Dial-up dissatisfaction will keep broadband booming

Research finds that many narrowband users are getting increasingly disgruntled, and are planning to upgrade their Net connection soon

Unhappiness about the performance of narrowband Internet connections will ensure that large numbers of Web users keep upgrading to broadband, the latest research has found.

US analyst group Parks Associates predicted on Thursday that there will be a spike in demand for high-speed Internet services in America over the next few months -- suggesting that the UK's broadband boom is also unlikely to falter.

Parks Associates interviewed 2,000 households during March and April this year. Only 53 percent of the narrowband users surveyed said they were happy with their service, compared to 71 percent back in 2001, and just 11 percent were "extremely satisfied".

Almost 50 percent of current narrowband users told Parks Associates they were likely to upgrade to broadband soon, a significant increase on the one-third of interviewees who said this two years ago.

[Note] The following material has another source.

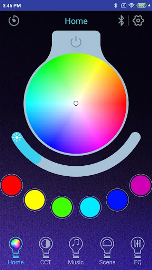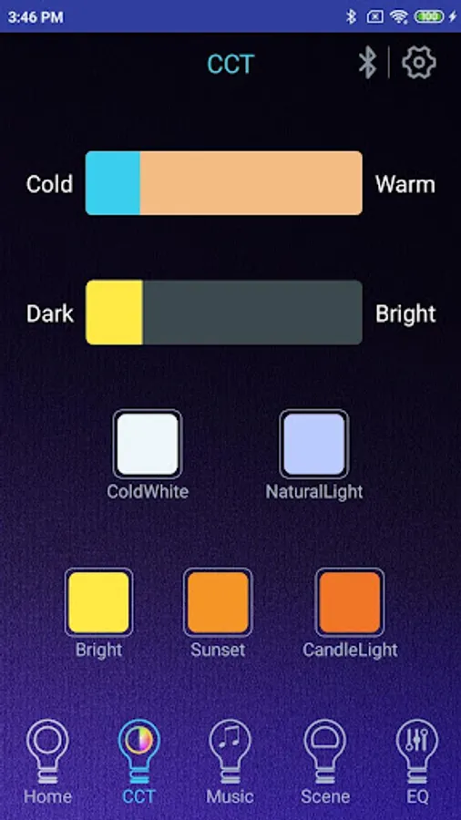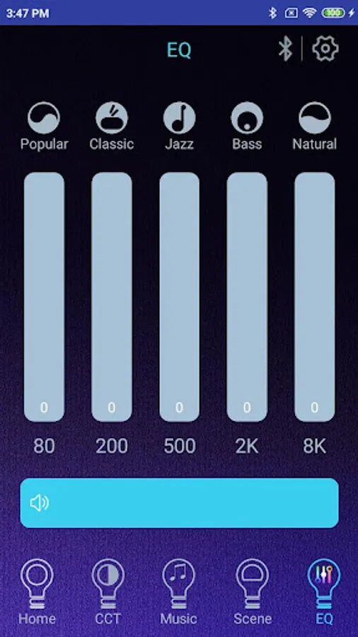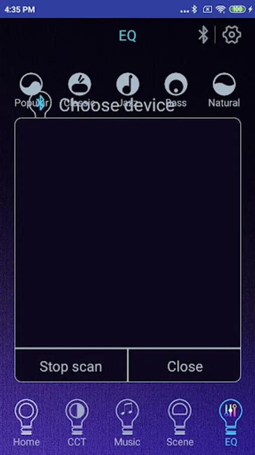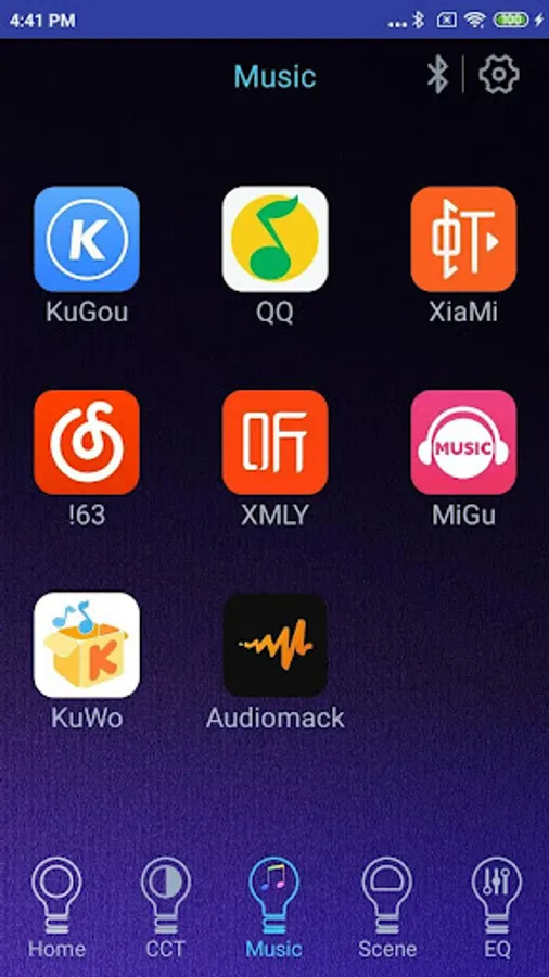 Through scanning and automatic connection of Bluetooth lamp, the app can switch lights, adjust color lights, color temperature lights and brightness, switch scenes, play music, adjust volume and equalizer.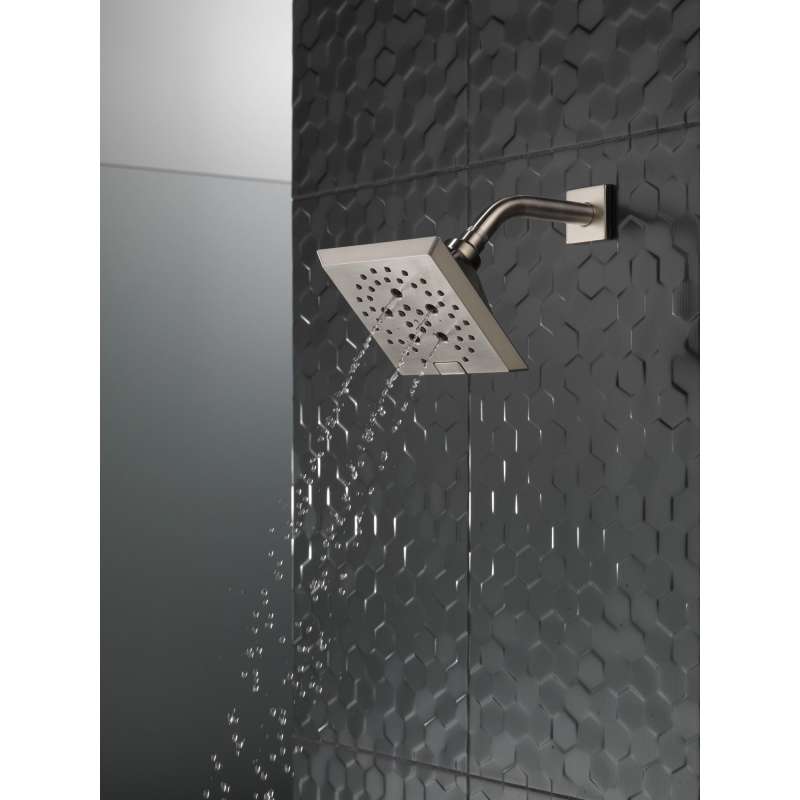 • 52664-KS-PR Universal Showering Components H2Okinetic 5-Setting Angular Modern Raincan Shower Head, Lumicoat Black Stainless Lumicoat Black Stainless

"When combined, these two factors suggest favourable demand for broadband in the next few quarters," said Michael Greeson, vice president and principal analyst for Parks Associates, in a statement.

"Although little has changed in the substance and quality of narrowband service, dial-up subscribers are increasingly judging the quality of their connection based on the perception of what broadband has to offer," Greeson added.

In the UK, broadband take-up is thought to still be excess of 30,000 new subscribers a week. There has been speculation that this figure could drop -- as ISPs run out of customers who had been put off by earlier high prices, but now feel happy to pay up to £30 per month for broadband.

Parks Associates' work, though, suggests that the current buoyant market is here to stay -- good news for the UK telecoms industry and broadband content providers.